Tales Of A Fourth-Rate Nothing: Busking On The Wrong Street Corner
During Clarion, I coined the phrase “busking on the wrong corner” to describe the phenomenon of “entertaining writing that doesn’t serve the story.” It’s the reason writers have to kill their darlings. It’s the trap that stops a lot of good writers from making the transition to great.
“Busking” is the practice of playing in public spaces for donations – you know, that guy playing the guitar, his guitar case open before him, full of scattered singles and quarters. Buskers are often some of the most talented musicians. But the buskers’ art is also partially a knowledge of where the crowds are.
You can sing your fucking heart out on a corner where there’s no foot traffic. If you’re really good, you might make a few bucks. But if you’re really good and really smart, you’ll position yourself near the subway where people are pouring out by the hundreds as rush hour ends, a place where even a mediocre musician can clean up. Part of your strength is not just the raw force of your musicianship, but knowing where to place that skill so it’s maximized with silver rains of spare change.
Writers (me included, oh so included) are often putting their talents to use on the wrong corner. This chapter is brilliant writing, it’s got great characterization, it’s exciting. But underneath, the scene is at odds with what the story is trying to do, and what you’ll wind up with is a great scene that advances the story in the wrong ways.
Lemme give you the real-life example: the lead character of the novel I’m plotting right now, Autumn Akeley, is a taxidermist. In the beginning of the book, Autumn is deep in the woods on a rumor, searching for the Hulk.
Why the Hulk, you ask? Because she’s not just any taxidermist – she makes wild viral videos online parodying recent movies in order to drive business to her online taxidermy shop. Autumn’s latest planned video (“The Bearvengers”) needs a gigantic, light-skinned animal she can dye green to play the part of the Hulk. Autumn does not kill animals for her entertainment (she takes the death of any creature very seriously), but she just got a tip from a hunter that there’s a decaying grizzly in the woods she might be able to use. She tracks it down with her friend Karla and examines the corpse – it’s a little too moldy for her liking, but it has very light fur. She thinks she can salvage it.

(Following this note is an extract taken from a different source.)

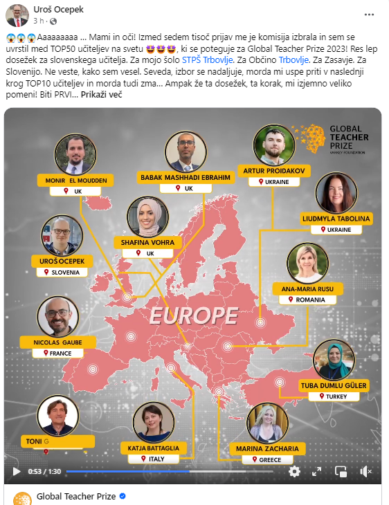 V sklopu izbora Global Teacher Prize vsako leto iščejo najboljšega učitelja na svetu. Med 50 najboljšimi letos tudi slovenski učitelj Uroš Ocepek.

Then a shot rings out across the forest: there are poachers in the woods. As someone who hates to see an animal killed senselessly, she does not take lightly to poachers. She sets off to investigate, starting the chain of events that sets up the novel….
…Now, that’s a pretty good scene. It’s got an interesting character doing something we’ve never seen done before in a book, it displays her odd compulsions, it allows us to watch her work (if you have a character with an odd profession, people love to see the fine details), and for a short intro it’ll do quite nicely.
And yet we are busking badly here. Why?
Because this novel is about Autumn’s friendship with Karla.
Okay, unfair, I didn’t tell you that – but the whole point of the novel is that a new man in town with a shadowy past begins to romance Karla, causing a rift when Autumn discovers the man’s past as a serial killer. And this scene, while good in a vacuum, utterly fails to set up the dynamics of Karla and Autumn and their friendship. In fact, you’d be excused for forgetting the existence of Karla in this summary, because while we can put in some nice dialogue and characterization to set up Karla’s character, the underlying structure of the scene is not about her at all.
This is a great scene for a novel featuring bold Autumn Akeley, bold adventurer. It’s a terrible scene for Autumn and Karla’s big fight – especially since the next scene involves Autumn tracking down poachers, which has even less to do with their friendship. And if you’re not a careful writer, you’ll think this is an awesome scene because it’s got it all – humor, good characterization, a quick hook to action – without realizing that it’s an awesome scene that’s structurally at odds with what you want to do in the long run. It doesn’t set up the things that need to be established.
It’s a good scene in isolation. In context, it’s a darling that needs to be killed… Or at least dramatically changed so that Karla does something so interesting here that the scene metamorphosizes away from Autumn’s search for the Hulk and into an expression of how Autumn and Karla couldn’t get along without each other.
The point I’m making here is that had I written that chapter, I’d have been very proud. It’d be a nice, 1,500 word opener that would grab the reader, full of lovely details and fun stuff.
And then I’d have to place it into my trash folder, because ultimately it doesn’t do what it needs to, then hunt for the right scene to write.
Well, yes and no. I know someone would have to be a REALLY F’ING GOOD FRIEND for me to go out in the woods to examine and possibly help transport a decaying bear with her. But that could just be me. Maybe if you flip the POV to Karla’s–Christ on a crutch I can’t believe I’ve let Dr. Autumn Frankenstein drag me out to the godforsaken woods to look at a godforsaken dead animal AGAIN–it might work. You might not even need to go as far as that. If you just shift the focus from Autumn and her project to Karla, it should still work.